Michael Dorrell, Alliance Director – Digital Patient Solutions/Translation Services | AstraZeneca
Life Science Professional across Pharma/Biotech – eCOA/Translations/Patient Centricity Champion. Astrazeneca’s ambition is to transform the lives of patients with improved outcomes and a better quality of life, through more effective treatment and prevention, ultimately working toward a cure for some of the world’s most complex diseases.
Paul O’Donohoe, Senior Director, eCOA Product and Science | Medidata Solutions
Paul O’Donohoe is Senior Director, eCOA Product and Science at Medidata Solutions, a clinical software platform provider. He is responsible for providing strategic oversight of the development of Medidata’s electronic clinical outcome assessment technologies, and supporting internal teams and partners around the implementation of industry, regulatory and scientific best practices in clinical trials using mobile health technologies. He is passionate about developing the field of eCOA and mobile health through research and active involvement in industry consortia, and was previously the Industry Vice-Director of the C-Path ePRO Consortium.
Katja Rudell, Senior Director, COA, CDDS | Parexel
Katja Rudell is the Team Lead of the COA Science department in Parexel’s Clinical Data and Digital Services department. She is a COA instrument developer and has been working in Industry for 12 years and consulting for three years.
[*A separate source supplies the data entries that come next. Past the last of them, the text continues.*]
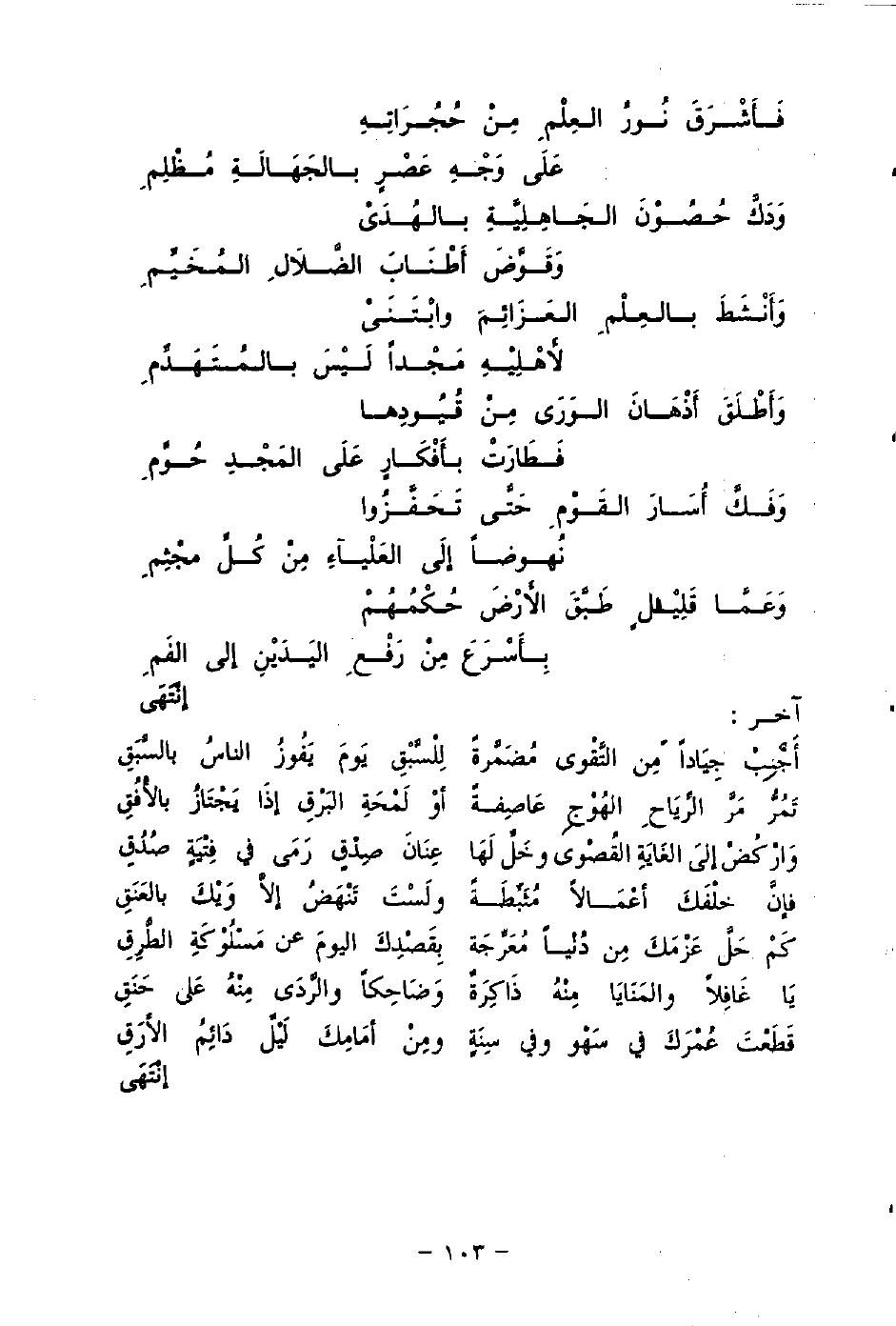 فَأَشْرَقَ نُورُ العِلْمِ مِنْ حُجَرَاتِهِ ... عَلَى وَجْهِ عَصْرٍ بالجَهَالَةِ مُظْلِمِ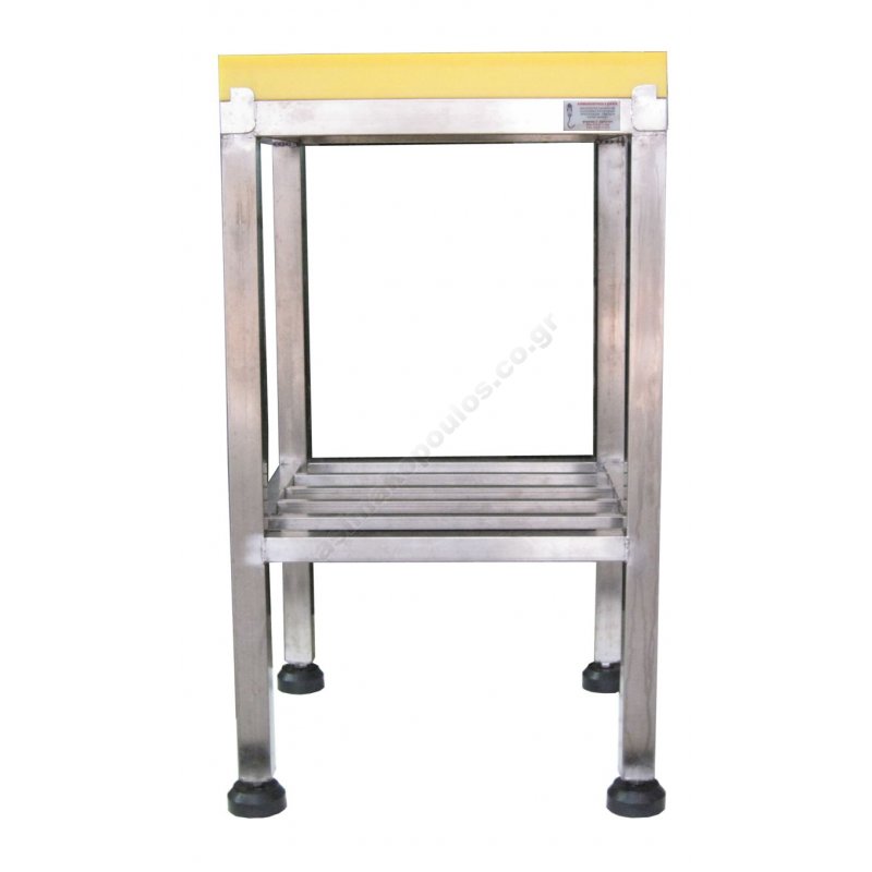 Ανοξείδωτος πάγκος επεξεργασίας κρέατος με πολυαιθυλένιο και σχάρα, ρυθμιζομένου ύψους με αντιολισθητικά πέλματα και πλάκα πολυαιθυλενίου πάχους 20mm - 30mm-50mm-100mm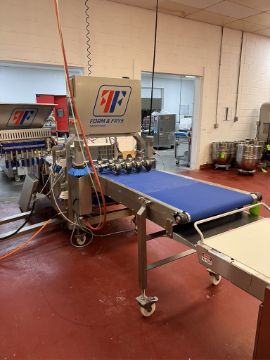 BULK BID FOR LOTS 48-49A, 2018 FORM AND FRYS FOLDING STUFFED PASTRY LINE, MODEL CHARLIE, S/N 18557, INCLUDES 2018 PISTON FILLER, S/N 18557-20, PREVIOUSLY RUNNING 175 PASTRIES PER MINUTE, RE-TOOLABLE FOR NEW PRODUCTS, INCLUDES RONDO PANER IN LOT 49A, PREVIOUSLY DOING RASPBERRY, CREAM CHEESE AND WALNUT STUFFED FOLDED PASTRIES, (LOADING FEE:  $2,500.00 USD) (LOADING WILL BE CONDUCTED BY BENKART RIGGING; PLEASE COORDINATE LOADING ARRANGEMENTS WITH BENKART RIGGING 724-776-1580) (LOCATED IN CALLERY, PA)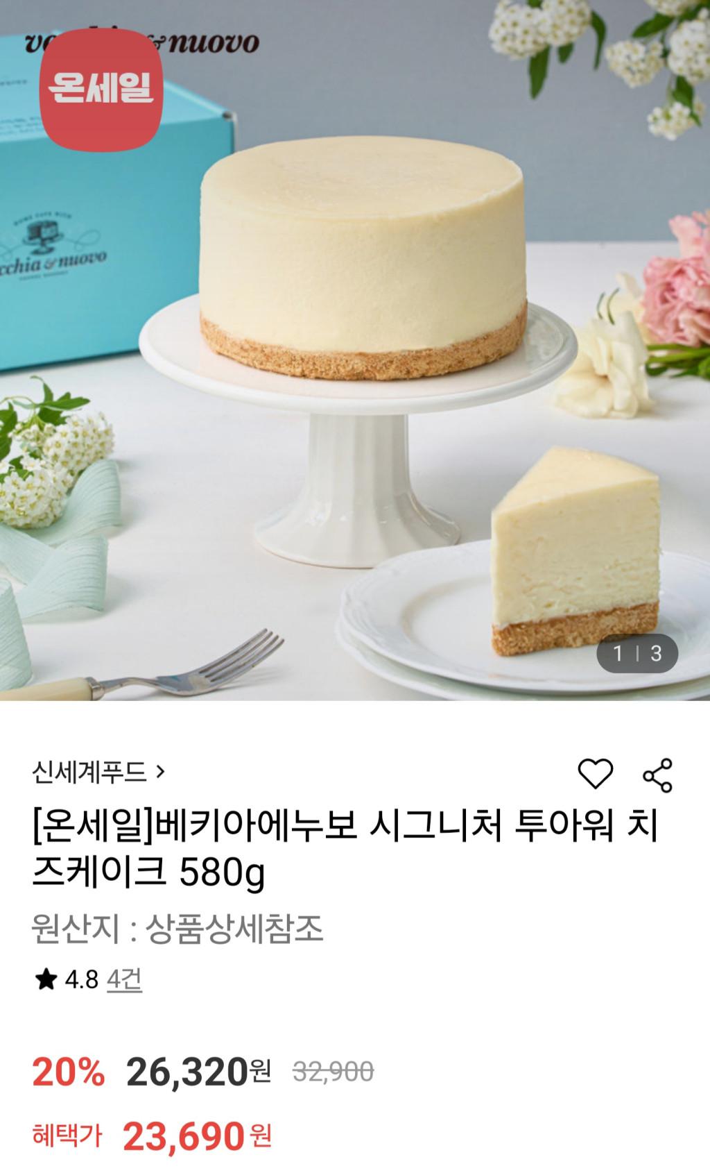 [롯데온] 시그니처 투아워 치즈케이크 580g (토스페이계좌/무배)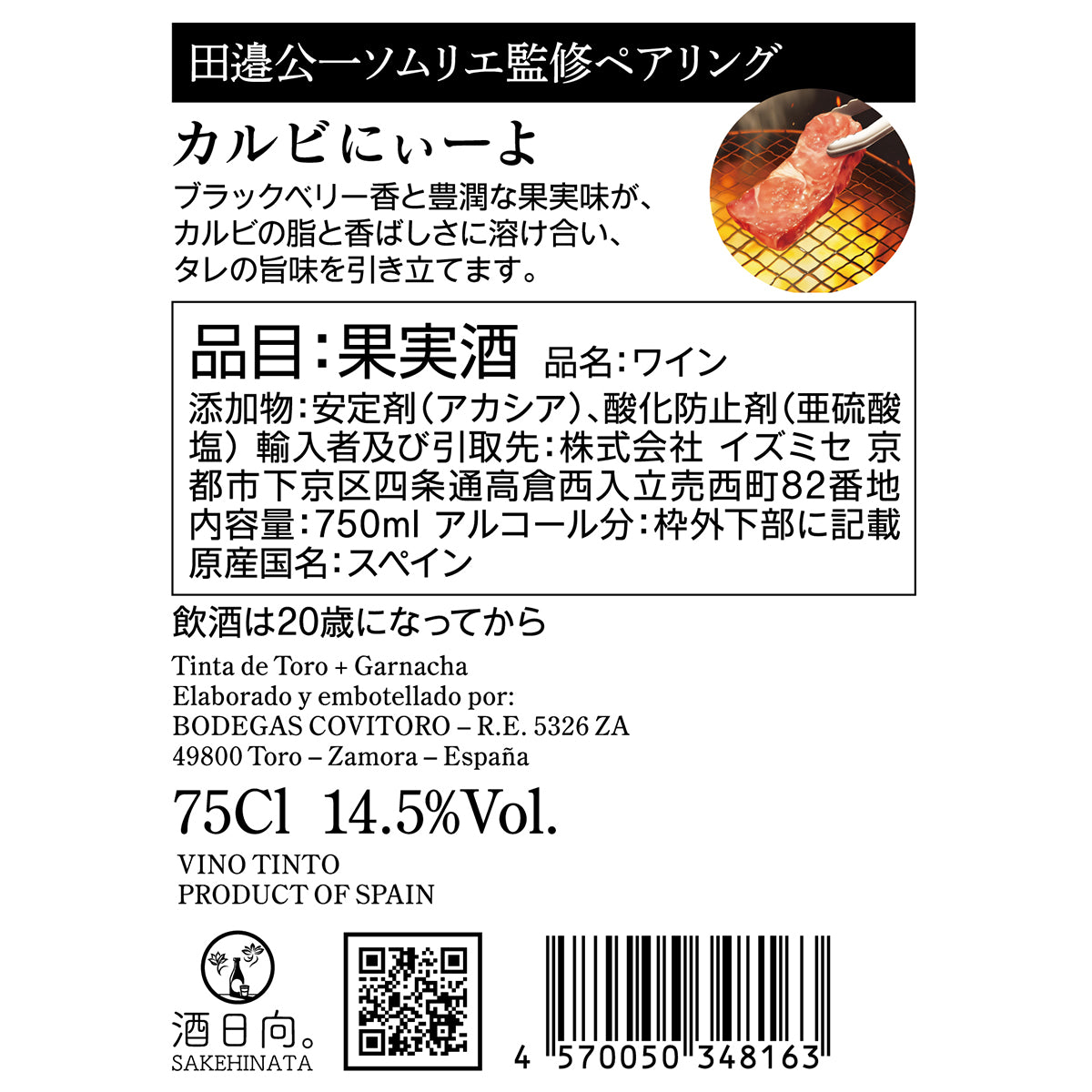 {"id":10082891956540,"title":"カルビにぃーよ【田邉公一ソムリエ監修ペアリング】","handle":"short-ribsnii-yo","description":"\u003cstyle\u003e\n.font-txt [color=\"#3D3D3D\"],\nspan[style=\"color: #3d3d3d;\"] {\n font-size: 15px;\n}\n\u003c\/style\u003e\n\n\u003cp\u003e\u003cimg width=\"100%\" src=\"https:\/\/image.rakuten.co.jp\/kyotopi\/cabinet\/bnr_pc.jpg\"\u003e\u003c\/p\u003e\n\u003cdiv class=\"img-left\"\u003e\n\u003cimg width=\"350\" src=\"https:\/\/image.rakuten.co.jp\/kyotopi\/cabinet\/rakuten65\/436692-01.jpg\"\u003e\n\u003cdiv class=\"font-txt\"\u003e\n\u003cspan style=\"color: #8b6239;\"\u003e カルビと赤ワインが互いに高め合う!\u003cbr\u003e究極焼肉ペアリング、ここに完成\u003c\/span\u003e\u003cbr\u003e\u003cbr\u003e\u003cspan style=\"color: #3d3d3d;\"\u003e 焼肉といえばカルビ。カルビといえば焼肉。\u003cbr\u003e肉の旨みと脂の甘みを同時に噛み締めることができるカルビはなんといっても焼肉の主役! \u003cbr\u003eそれに合わせるのはガツンとパワフルな赤ワインが正解なのにゃ。\u003cbr\u003e\u003cbr\u003e肉の旨みを爆増させる究極の焼肉ペアリング、これは試すしかないやつ!\u003c\/span\u003e\n\u003c\/div\u003e\n\u003c\/div\u003e\n\u003cp\u003e\u003cbr\u003e\u003c\/p\u003e\n\u003cdiv class=\"box3\"\u003e\n\u003cp\u003e飲み方\u003c\/p\u003e\n\u003c\/div\u003e\n\u003cdiv class=\"img-left\"\u003e\n\u003cimg width=\"350\" src=\"https:\/\/image.rakuten.co.jp\/kyotopi\/cabinet\/rakuten65\/436692-02.jpg\"\u003e\n\u003cdiv class=\"font-txt\"\u003e\n\u003cspan style=\"color: #8b6239;\"\u003e 人気の田邉公一ソムリエ監修\u003cbr\u003eプロのペアリングをご賞味あれ\u003c\/span\u003e\u003cbr\u003e\u003cbr\u003e\u003cspan style=\"color: #3d3d3d;\"\u003e このカルビと赤ワインのペアリングを監修してくれたのが、SNSでの情報発信が大人気の田邉公一ソムリエ。\u003cbr\u003eカルビの旨み・脂の甘み、さらにはタレの持つ風味までを計算し、濃厚な赤ワインの果実味でまとめあげる。\u003cbr\u003eプロ監修ならではの料理とワインのマリアージュ、ぜひお楽しみくださいにゃ!\u003c\/span\u003e\n\u003c\/div\u003e\n\u003c\/div\u003e\n\u003cbr\u003e\n\u003cdiv class=\"box3\"\u003e\n\u003cp\u003eポイント\u003c\/p\u003e\n\u003c\/div\u003e\n\u003cdiv class=\"img-left\"\u003e\n\u003cimg width=\"350\" src=\"https:\/\/image.rakuten.co.jp\/kyotopi\/cabinet\/rakuten65\/436692_1200_2.jpg\"\u003e\n\u003cdiv class=\"font-txt\"\u003e\n\u003cspan style=\"color: #8b6239;\"\u003e ティンタ・デ・トロにガルナッチャをブレンド\u003cbr\u003e濃い〜果実味は肉料理全般に\u003c\/span\u003e\u003cbr\u003e\u003cbr\u003e\u003cspan style=\"color: #3d3d3d;\"\u003e 使っている品種はスペインを代表するワインの一種であるティンタ・デ・トロとガルナッチャ。\u003cbr\u003e豊かなブラックベリーの香りに豊潤な果実味が、カルビの脂と香ばしさに溶け合って、タレの旨みを引き立ててくれるのにゃ! \u003cbr\u003e\u003cbr\u003e冷やしすぎずに大きめグラスで召し上がれ♪\u003c\/span\u003e\n\u003c\/div\u003e\n\u003c\/div\u003e\n\u003cp\u003e\u003cbr\u003e#カルビにぃーよ\u003cbr\u003e\u003cbr\u003e\u003c\/p\u003e\nジュワッと香ばしくて噛めば中から肉汁が溢れてくる……カルビはやっぱり焼肉の“華”ですよね。そんなカルビの旨みを極限まで引き出すには、やっぱりパワフルな赤ワインが必要!人気の田邉公一ソムリエが選んだこのワインを合わせると、肉の旨みにワインの複雑味が加わって、無限に食べられるおいしさ!\u003cbr\u003e\u003cbr\u003e\n【田邉ソムリエコメント】\u003cbr\u003e\nワインから感じるブラックベリーとブラックチェリーの豊かな果実香、スパイスやローストのニュアンス、熟した果実の豊潤な味わいと緻密でややしっかりとしたタンニンが、カルビの風味と脂質と溶け合い、タレの風味と香ばしいフレーヴァーに相乗し、双方の味わいの深みが増します。\n\u003cbr\u003e\u003cbr\u003e\n\n\u003ctable width=\"400\" cellspacing=\"0\" cellpadding=\"0\" border=\"0\" id=\"ItemTB\"\u003e\n\u003ctr\u003e\n\u003cth\u003eカテゴリー\u003c\/th\u003e\n\u003ctd\u003e赤ワイン\u003c\/td\u003e\n\u003c\/tr\u003e\n\u003ctr\u003e\n\u003cth\u003e甘辛度合\u003c\/th\u003e\n\u003ctd\u003e芳醇辛口\u003c\/td\u003e\n\u003c\/tr\u003e\n\u003ctr\u003e\n\u003cth\u003eぶどうの品種\u003c\/th\u003e\n\u003ctd\u003eティンタ・デ・トロ70%、ガルナッチャ30%\u003c\/td\u003e\n\u003c\/tr\u003e\n\u003ctr\u003e\n\u003cth\u003eアルコール度数\u003c\/th\u003e\n\u003ctd\u003e14.5度\u003c\/td\u003e\n\u003c\/tr\u003e\n\u003ctr\u003e\n\u003cth\u003e原産国\u003c\/th\u003e\n\u003ctd\u003eスペイン\u003c\/td\u003e\n\u003c\/tr\u003e\n\u003ctr\u003e\n\u003cth\u003e産地\u003c\/th\u003e\n\u003ctd\u003eサモーラ県トロ\u003c\/td\u003e\n\u003c\/tr\u003e\n\u003ctr\u003e\n\u003cth\u003e保管方法\u003c\/th\u003e\n\u003ctd\u003e高温、直射日光を避け、低温で保存してください。\u003c\/td\u003e\n\u003c\/tr\u003e\n\u003c\/table\u003e\n\u003cbr\u003e\n◎おススメの飲み方\u003cbr\u003e\nワインが持つブラックベリーの香りと芳醇な果実味を楽しむためにも冷やしすぎないのがポイント。濃厚な果実味としっかりとした渋みと酸味が、カルビの脂と溶け合い、タレの旨みを引き出します。できれば大きめのグラスに注いで楽しんで。\u003cbr\u003e\u003cbr\u003e\n\n※ラベルは1枚ずつ”手貼り ”のため、若干の歪みやヨレがある場合がございます。予めご了承

Helen Kitchen, Vice President, Clinical Outcome Assessment | Clarivate
Helen is the Vice President of the Clinical Outcomes Assessment team at Clarivate. Helen has 13 years’ experience of developing PROs and other COAs for clinical trials in line with regulatory (FDA, EMA) requirements. Helen has developed and validated multiple COAs for clinical trials and supported sponsors in achieving FDA label claims. Helen specializes in COA reviews according to regulatory (FDA/EMA) requirements and qualitative research methods using creative, patient-centered techniques. Helen has conducted qualitative interviews with patients and clinicians in multiple therapy areas with extensive experience in women’s health and autoimmune conditions. Helen is an active member of the ISPOR and ISOSOL and a specialist trainer in qualitative interviewing skills, mixed methods research and PROs for HTA/reimbursement. Helen has an MSc in Health Psychology from Sheffield Hallam University and a BA (Hons) in Psychology from the University of Manchester.
2:00 – 2:30
Walking the Walk: Diversity and Inclusion in Patient Recruitment
Ash Rishi, Founder | COUCH Health
In his own words, Ash is a ‘failed neuroscientist’. Not one to let a failure hold him back, Ash has crafted a career where he gets to show is passion and support for inclusive healthcare practices every day. Ash shares over 15 years of experience in creative communications, patient and community engagement, and inclusive recruitment strategies for clinical trials. As the proud CEO and Founder of COUCH Health, he’s driven to make a difference, and is inspired to defy the odds, always standing up for what’s right. As well as running COUCH Health, Ash has recently launched the COUCH Health Academy an online learning platform dedicated to improving health equity and dedicates his time to raising awareness about via Demand Diversity.
Sevtap Rowland, Head of Functional Service Provisions | MAC FSP Solutions
Sevtap Rowlands is Head of Functional Service Provision at MAC Clinical Research. o With 12 years of industry experience in a variety of clinical research roles including safety & governance, CRA and even leading international multi-disciplinary teams, Sevtap has a solid understanding of the clinical research market and has expertise in leading high-performing teams and successful studies. MAC Clinical Research is a global contract research organization (CRO) providing end-to-end clinical trial services. Established in 1988 as one of the UK’s first memory clinics, MAC has evolved within the clinical research industry with 8 fully-owned research facilities and expertise covering a wide range of therapeutic areas. MAC offers many solutions to pharmaceutical and biotech companies including Clinical Research Services, Pharmaceutical Services, Scientific Solutions, Site and Patient Services, and FSP solutions.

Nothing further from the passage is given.